For the purpose of the specification of the present invention, the term “sugar cane” represents a perennial herb typically categorized to Gramineae, Panicoideae, Andropogoneae or Saccharum L., including six kinds thereof, Saccaharum spontaneum L., Saccharaum officinarum L., Saccharum robustum Jeswiet, Saccharum Barberi Jeswiet, Saccharum sinense Roxb., and Saccharum edule as well as any interspecific hybrids among them, and further including any intergeneric hybrids with vegetables of related genus (i.e., the Miscanthus genus, the Sorghum genus, the Erianthus genus, the Ripidium genus and so on), which contain an amount of 5% or more of sugar to be produced (i.e., sucrose). It is to be noted that the interspecific hybrids and the intergeneric hybrids are collectively referred to as the Saccharum hybrids. The sugar cane used in the production method of the present invention is represented by any one selected from a group consisting of the hybrids by the interspecific cross among the vegetables of the Saccharum L., the hybrids by the intergeneric cross between the vegetables of the Saccharum L. and of the related genus (i.e., the Sorghum genus, the Miscanthus genus, the Erianthus genus, the Ripidium genus and so on), and the hybrids created by crossing among said three different genus, which is further defined by a fiber component content of 15% by mass or greater, preferably in a range of 20 to 25% by mass, in a cane stem portion of the sugar cane, as cultivated for one year in accordance with a typical ratooning cultivation for the sugar cane in a field in a temperate zone. For the case with the fiber component content of 15% by mass or greater, 90% or more of the energy to be required in all of the processes in the production method of the present invention can be obtained from the amount of energy generated by burning the pressed residue of sugar cane as described above. Preferably, 95% or more, and most preferably, 100% of the energy to be required in all of the processes in the production method of the present invention can be obtained.
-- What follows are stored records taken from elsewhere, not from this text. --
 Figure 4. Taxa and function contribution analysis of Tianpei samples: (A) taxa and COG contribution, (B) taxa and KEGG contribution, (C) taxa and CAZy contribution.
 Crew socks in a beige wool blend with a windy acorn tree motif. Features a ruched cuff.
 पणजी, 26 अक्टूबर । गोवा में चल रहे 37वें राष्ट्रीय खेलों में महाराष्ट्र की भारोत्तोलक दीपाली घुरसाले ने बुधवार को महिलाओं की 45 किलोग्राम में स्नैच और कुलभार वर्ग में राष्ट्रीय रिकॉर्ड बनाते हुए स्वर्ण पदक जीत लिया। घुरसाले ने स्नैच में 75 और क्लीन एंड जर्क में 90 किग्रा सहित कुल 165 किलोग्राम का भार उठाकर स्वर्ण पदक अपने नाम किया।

In this regard, the measurement of the fiber component content in the cane stem portion of the sugar cane may be performed in accordance with the method defined in the Sugar Manufacturing Chemical Handbook (published by Japanese Molasses Industrial Association). To illustrate one exemplary method, the measurement of the fiber component content may be performed in accordance with the following procedure.

(1) A set of 10 pieces of cane stem of the sugar cane (samples to be used in measurement) is shredded finely by a shredder.
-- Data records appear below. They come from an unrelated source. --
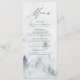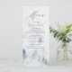 Menykort för elegant personligt bröllp med menyinformation längst upp på menyn med en skog av grått & misty blue water color gräs träd vid grund. Menyn återgår till en marin blå vattenfärgsbakgrund med utrymme för text och foton. Designad att samordna med vår Elegant Winter Forest bröllop samling.
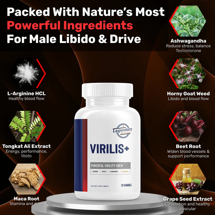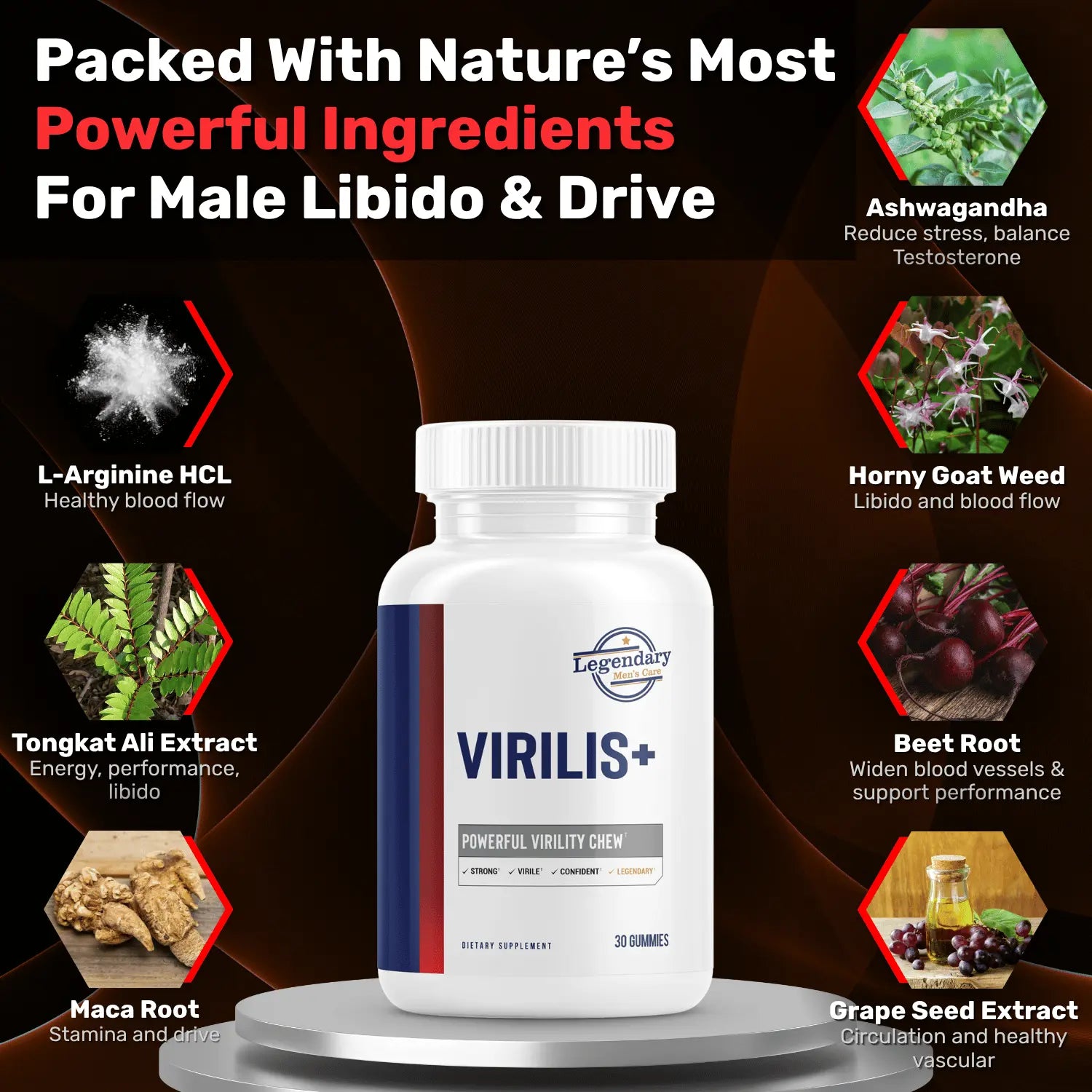 Packed with powerhouse natural ingredients, Virilis+ is designed to:
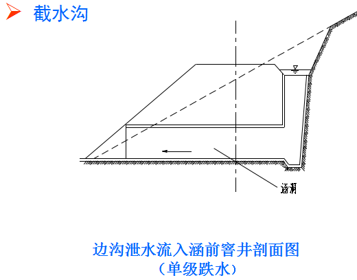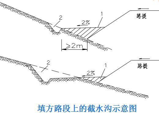 2.截水溝:又稱天溝,一般設(shè)置在挖方路基邊坡坡頂以外,或山坡路堤上方的適當(dāng)?shù)攸c(diǎn),用以攔截并排除路基上方流向路基的地面徑流。

(2) A sample portion of 500 g is measured out of said shredded samples.

(3) Said sample portion of 500 g is pressed by a hydraulic presser.

(4) A mass of residue (a juice pressed-out bagasse weight) is measured, and the residue is put into a cloth bag and dried by a dryer.

(5) After drying at 90% for 48 hours or longer, the bagasse mass after drying (a dried bagasse weight) is measured.

(6) Bagasse fiber weight is calculated from the following equation: Bagasse fiber weight=Dried bagasse weight−(Juice pressed-out bagasse weight−Dried bagasse weight)×Pressed juice/(100−Pressed juice).

(7) Subsequently, a fiber component content is calculated from the following equation: Fiber component content=Bagasse fiber weight/500 g×100.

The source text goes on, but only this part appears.